What is needed: Print every record exactly as it appears. Leave the pictures out.

Source data:
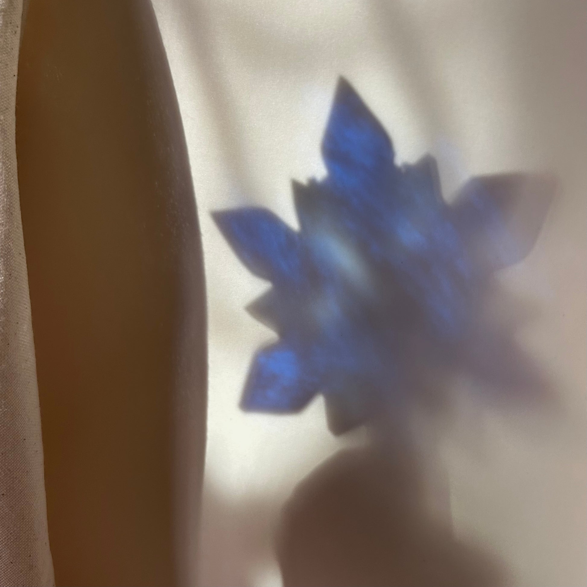 Stained glass snowflake that measures 3.3inches wide by 3.83inches tall.
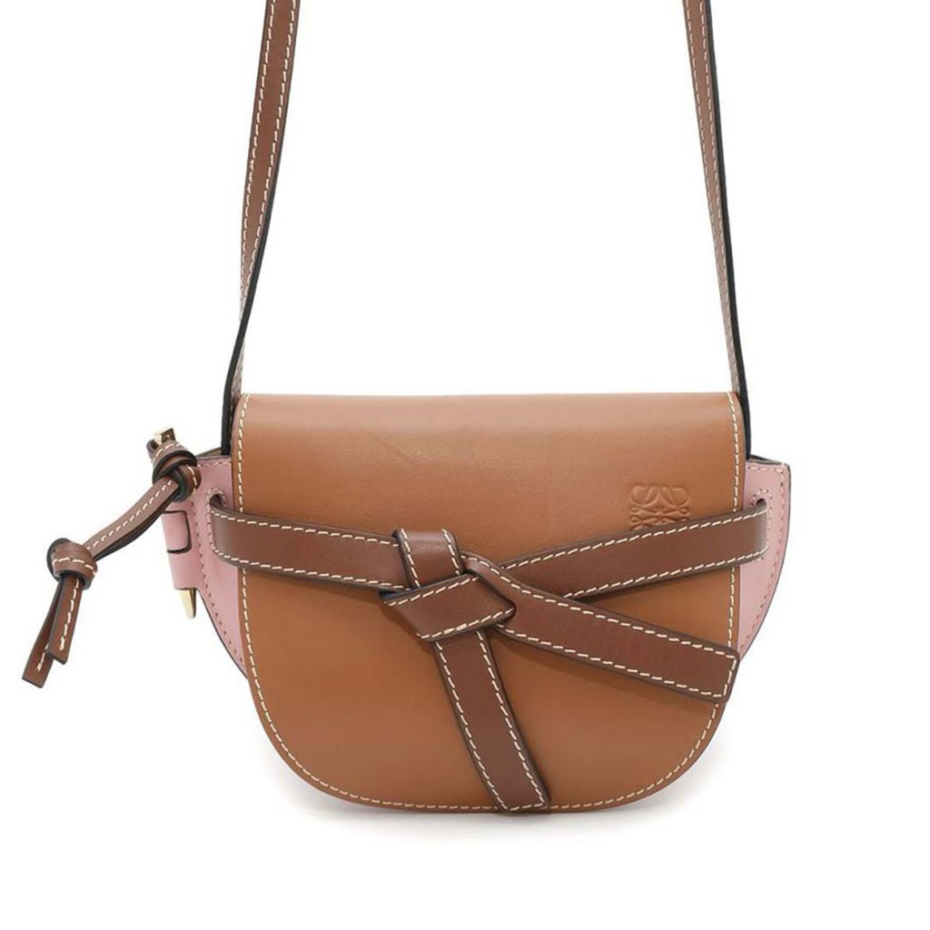 The Gate crossbody bag features a leather body, a flat leather strap, a front flap with knotted leather strap closure, and interior slip pockets.
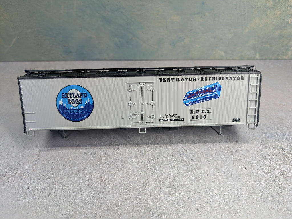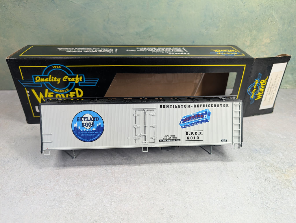 USED Weaver U3117 O Wood Side Refrigerator Car Skyland Eggs KPEX #6010 3 Rail, No Trucks/Couplers
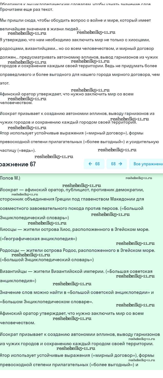 Русский язык за 7 класс Баранов Учебник Просвещение упражнение 67
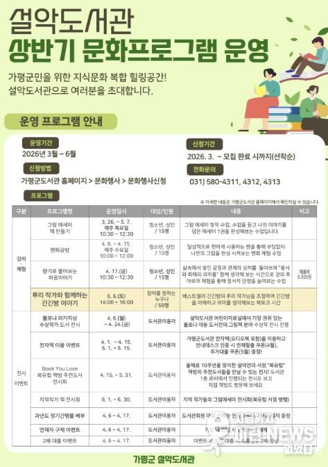 가평군도서관 관계자는 “이번 프로그램을 통해 주민들이 독서의 즐거움을 체감하고, 설악도서관에서 꿈과 희망을 키워가는 계기가 되길 바란다”고 말했다.
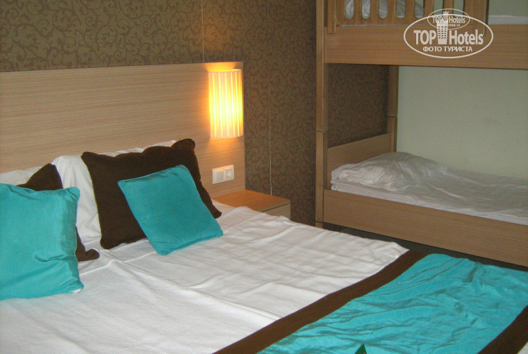 В номере двухспальная кровать,для детей двухъярусная. Дети 6 и 14 лет.
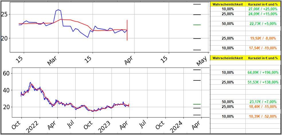 - Wahrscheinlichkeit 50%: Der durchschnittlich zu erwartende Mittelkurs liegt im Plus bei 23,17 € (+7,00%).
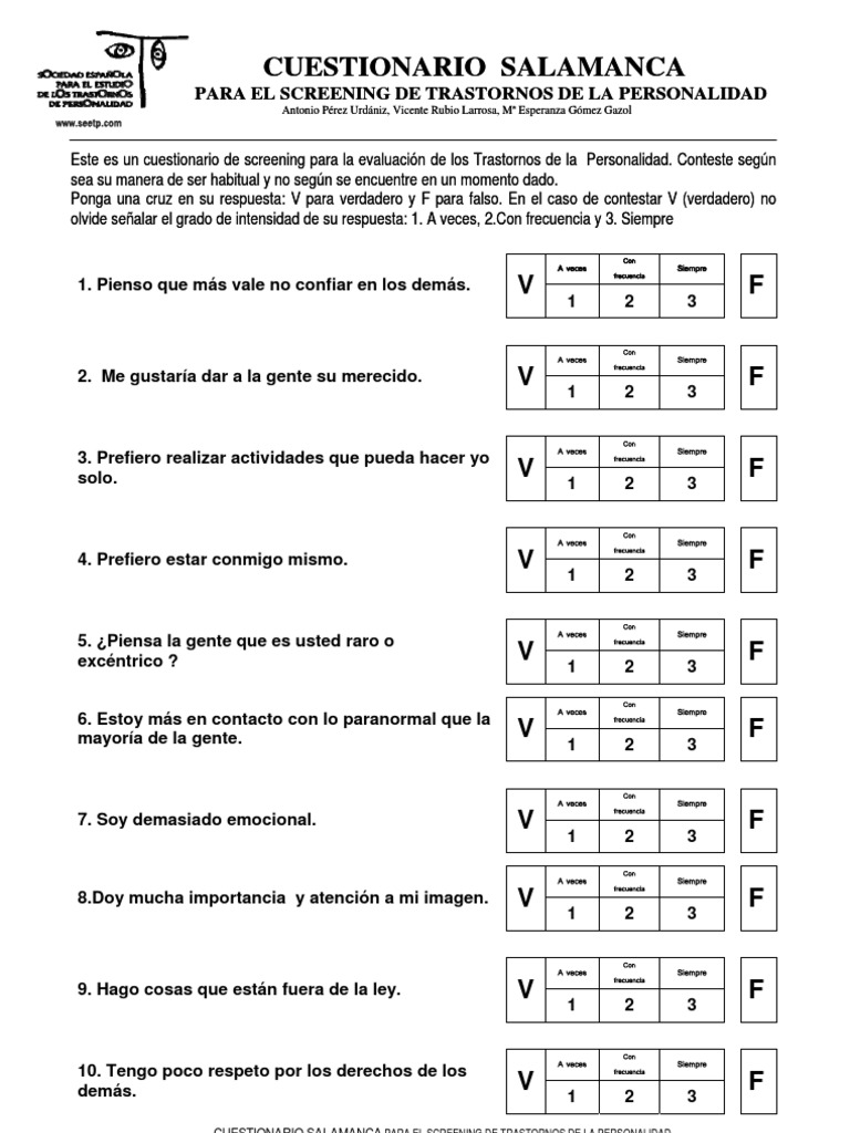 WebEl Test de TLP en 3 minutos se basa en un famoso y bien considerado inventario para la evaluación del concepto clínico del Trastorno Límite de la Personalidad, que es. WebEl trastorno límite de la personalidad es un trastorno de la salud mental que impacta la forma en que piensas y sientes acerca de ti mismo y de los demás, causando. WebEl Test de Trastorno Límite de la Personalidad (TLP) es una poderosa herramienta para evaluar el TLP y controlar la respuesta al tratamiento. Se utilizan criterios reconocidos.
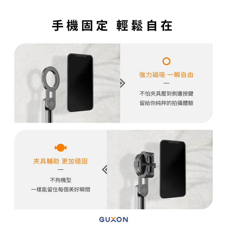 手機若無磁吸功能,可使用手機夾固定
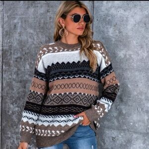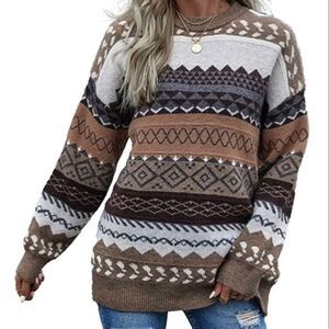 FAIR ISLE FISHERMAN STYLE UGLY DAD GRANDPA COZY SOFT KNIT SWEATER
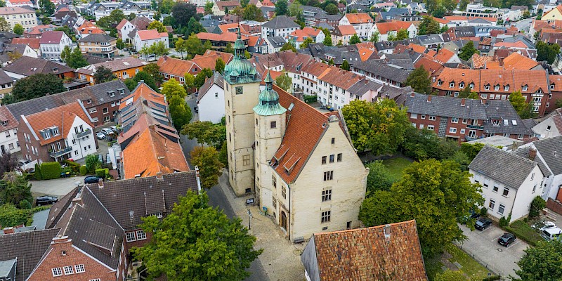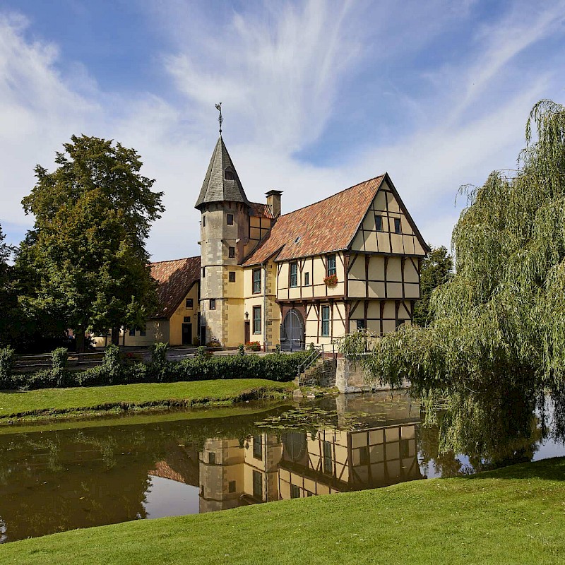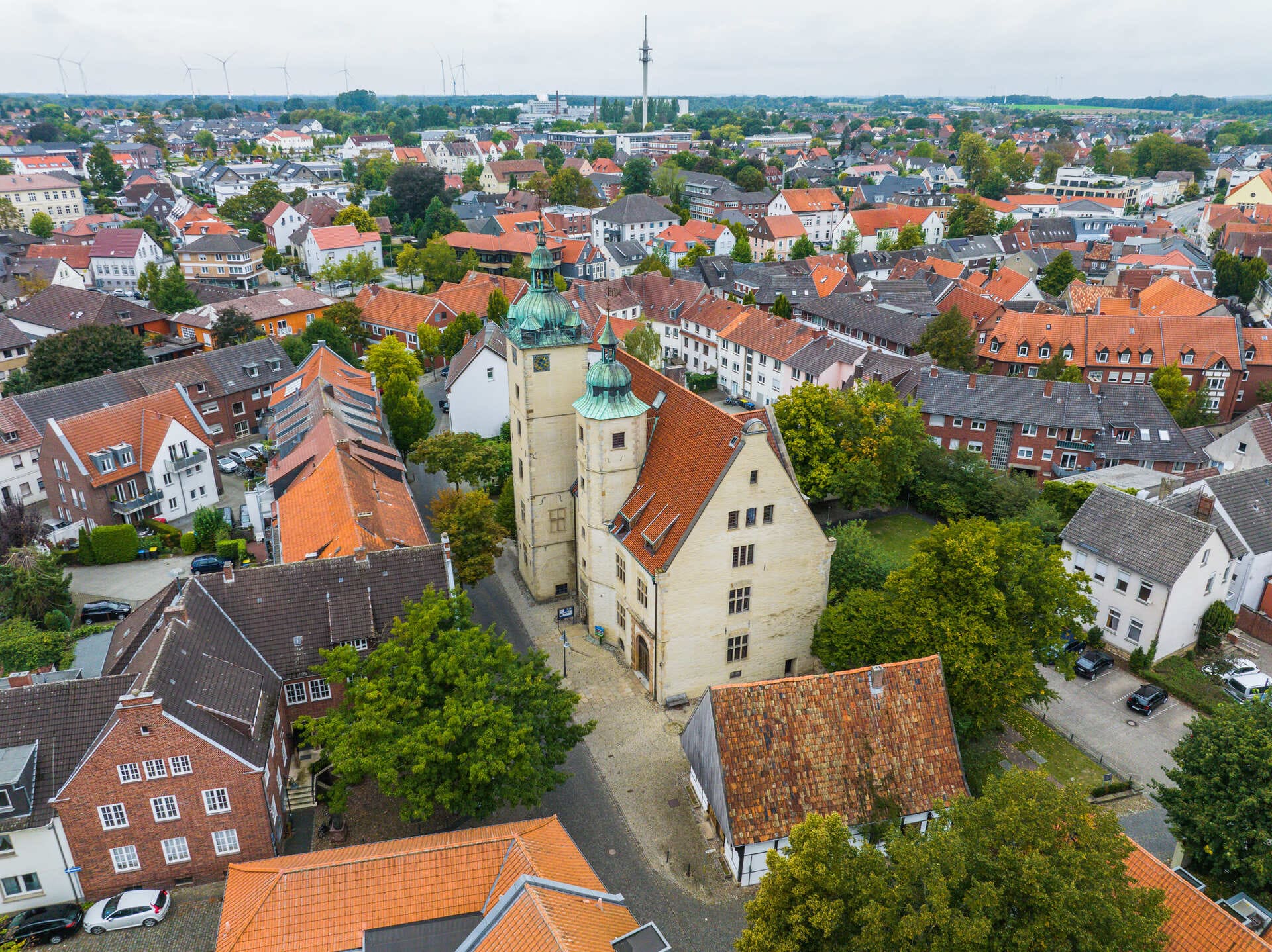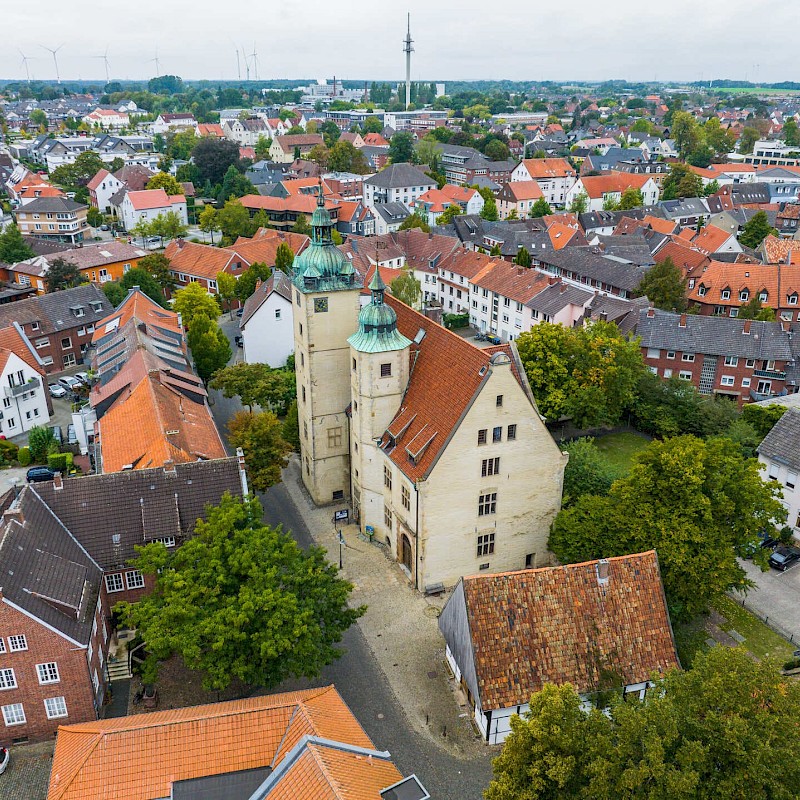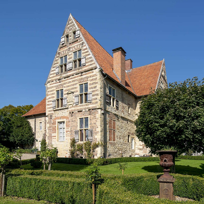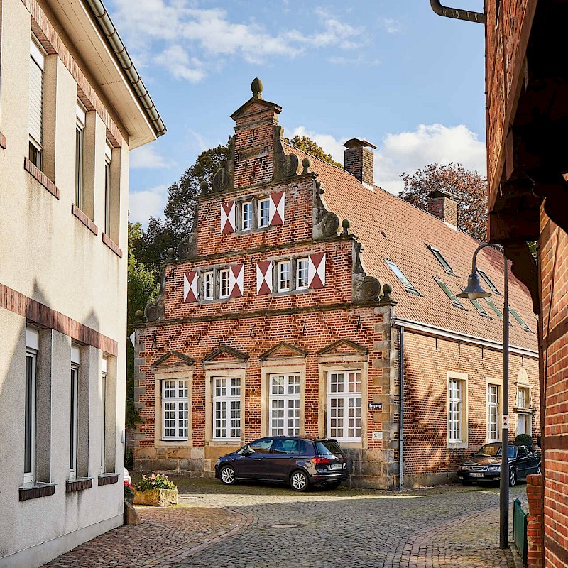 Dan gaat het verder: via Leer bereikt u Steinfurt, waar de educatieve tuin van het district u zal verrassen met zijn gevarieerde diversiteit. Gezellige cafés op het marktplein nodigen uit voor een aangename pauze. De waterburcht in Steinfurt is een indrukwekkend hoogtepunt van deze tocht.
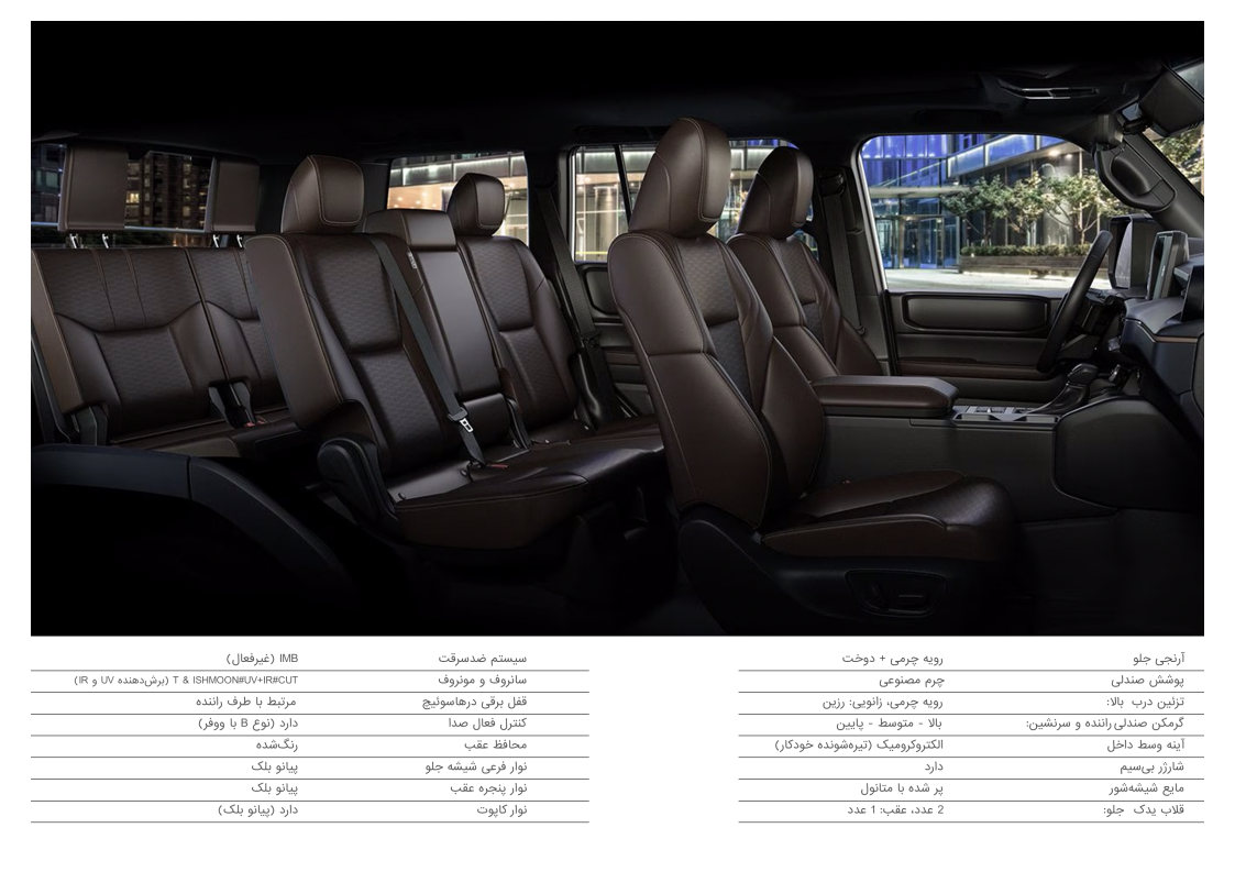 درون کابین، همان منطق طراحی بیرونی ادامه یافته است؛ یعنی ترکیبی از استحکام، کارایی و فناوری مدرن. داشبورد با طراحی افقی و کلیدهای فیزیکی متعدد برای کنترل عملکردهای حیاتی، نشان می‌دهد که تمرکز اصلی بر سهولت استفاده در شرایط مختلف، حتی هنگام رانندگی در مسیرهای ناهموار، بوده است. با این حال، مرکز داشبورد میزبان یک صفحه نمایشگر بزرگ ۱۲.۳ اینچی لمسی برای سیستم سرگرمی و اطلاعات است و صفحه کیلومترشمار نیز کاملاً دیجیتالی و از نوع TFT با همین ابعاد است. استفاده از روکش چرم مصنوعی برای صندلی‌ها و چرم طبیعی برای فرمان و دسته دنده، حس کیفیت را به سرنشینان منتقل می‌کند. این مدل با ظرفیت ۷ سرنشین، دارای سه ردیف صندلی است که ردیف سوم قابلیت جمع شدن دستی را دارد. امکانات رفاهی مدرنی مانند شارژر بی‌سیم، یخچال در کنسول مرکزی، سیستم تهویه خودکار دوگانه و چندین پورت شارژ USB، آسایش سرنشینان را در سفرهای طولانی تضمین می‌کنند.

Task answer:
 Stained glass snowflake that measures 3.3inches wide by 3.83inches tall.
 The Gate crossbody bag features a leather body, a flat leather strap, a front flap with knotted leather strap closure, and interior slip pockets.
 USED Weaver U3117 O Wood Side Refrigerator Car Skyland Eggs KPEX #6010 3 Rail, No Trucks/Couplers
 Русский язык за 7 класс Баранов Учебник Просвещение упражнение 67
 가평군도서관 관계자는 “이번 프로그램을 통해 주민들이 독서의 즐거움을 체감하고, 설악도서관에서 꿈과 희망을 키워가는 계기가 되길 바란다”고 말했다.
 В номере двухспальная кровать,для детей двухъярусная. Дети 6 и 14 лет.
 - Wahrscheinlichkeit 50%: Der durchschnittlich zu erwartende Mittelkurs liegt im Plus bei 23,17 € (+7,00%).
 WebEl Test de TLP en 3 minutos se basa en un famoso y bien considerado inventario para la evaluación del concepto clínico del Trastorno Límite de la Personalidad, que es. WebEl trastorno límite de la personalidad es un trastorno de la salud mental que impacta la forma en que piensas y sientes acerca de ti mismo y de los demás, causando. WebEl Test de Trastorno Límite de la Personalidad (TLP) es una poderosa herramienta para evaluar el TLP y controlar la respuesta al tratamiento. Se utilizan criterios reconocidos.
 手機若無磁吸功能,可使用手機夾固定
 FAIR ISLE FISHERMAN STYLE UGLY DAD GRANDPA COZY SOFT KNIT SWEATER
 Dan gaat het verder: via Leer bereikt u Steinfurt, waar de educatieve tuin van het district u zal verrassen met zijn gevarieerde diversiteit. Gezellige cafés op het marktplein nodigen uit voor een aangename pauze. De waterburcht in Steinfurt is een indrukwekkend hoogtepunt van deze tocht.
 درون کابین، همان منطق طراحی بیرونی ادامه یافته است؛ یعنی ترکیبی از استحکام، کارایی و فناوری مدرن. داشبورد با طراحی افقی و کلیدهای فیزیکی متعدد برای کنترل عملکردهای حیاتی، نشان می‌دهد که تمرکز اصلی بر سهولت استفاده در شرایط مختلف، حتی هنگام رانندگی در مسیرهای ناهموار، بوده است. با این حال، مرکز داشبورد میزبان یک صفحه نمایشگر بزرگ ۱۲.۳ اینچی لمسی برای سیستم سرگرمی و اطلاعات است و صفحه کیلومترشمار نیز کاملاً دیجیتالی و از نوع TFT با همین ابعاد است. استفاده از روکش چرم مصنوعی برای صندلی‌ها و چرم طبیعی برای فرمان و دسته دنده، حس کیفیت را به سرنشینان منتقل می‌کند. این مدل با ظرفیت ۷ سرنشین، دارای سه ردیف صندلی است که ردیف سوم قابلیت جمع شدن دستی را دارد. امکانات رفاهی مدرنی مانند شارژر بی‌سیم، یخچال در کنسول مرکزی، سیستم تهویه خودکار دوگانه و چندین پورت شارژ USB، آسایش سرنشینان را در سفرهای طولانی تضمین می‌کنند.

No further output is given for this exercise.